## Exercise directions
Copy only what lies from the line containing "開始直後はみんなドキドキ" through the line containing "Libraries Report ." in the entries below, keeping both end lines exact and dropping every picture.

## Recorded data
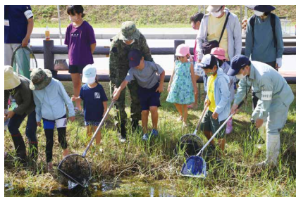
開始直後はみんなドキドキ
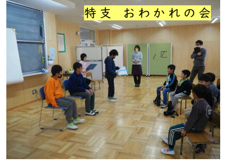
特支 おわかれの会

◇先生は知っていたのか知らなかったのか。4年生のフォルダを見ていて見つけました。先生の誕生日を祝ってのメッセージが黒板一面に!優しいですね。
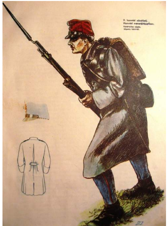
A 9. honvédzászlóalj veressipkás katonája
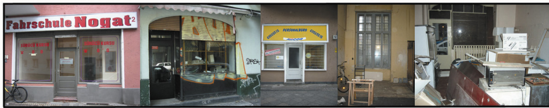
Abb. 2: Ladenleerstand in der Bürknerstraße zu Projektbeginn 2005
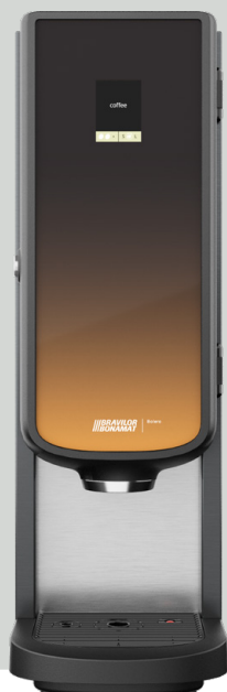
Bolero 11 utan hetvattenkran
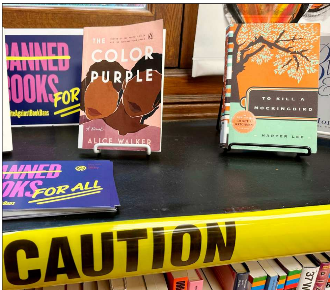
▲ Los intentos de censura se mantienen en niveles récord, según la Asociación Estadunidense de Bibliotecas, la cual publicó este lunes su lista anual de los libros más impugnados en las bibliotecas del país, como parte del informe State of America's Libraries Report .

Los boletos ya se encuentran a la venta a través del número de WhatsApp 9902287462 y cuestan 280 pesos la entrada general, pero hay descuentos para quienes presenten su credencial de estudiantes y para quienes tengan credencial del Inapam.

==

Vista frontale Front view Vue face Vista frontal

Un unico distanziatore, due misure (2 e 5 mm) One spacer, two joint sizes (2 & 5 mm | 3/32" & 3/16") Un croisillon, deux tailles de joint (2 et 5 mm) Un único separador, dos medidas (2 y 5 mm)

## Response below
開始直後はみんなドキドキ
特支 おわかれの会

◇先生は知っていたのか知らなかったのか。4年生のフォルダを見ていて見つけました。先生の誕生日を祝ってのメッセージが黒板一面に!優しいですね。
A 9. honvédzászlóalj veressipkás katonája
Abb. 2: Ladenleerstand in der Bürknerstraße zu Projektbeginn 2005
Bolero 11 utan hetvattenkran
▲ Los intentos de censura se mantienen en niveles récord, según la Asociación Estadunidense de Bibliotecas, la cual publicó este lunes su lista anual de los libros más impugnados en las bibliotecas del país, como parte del informe State of America's Libraries Report .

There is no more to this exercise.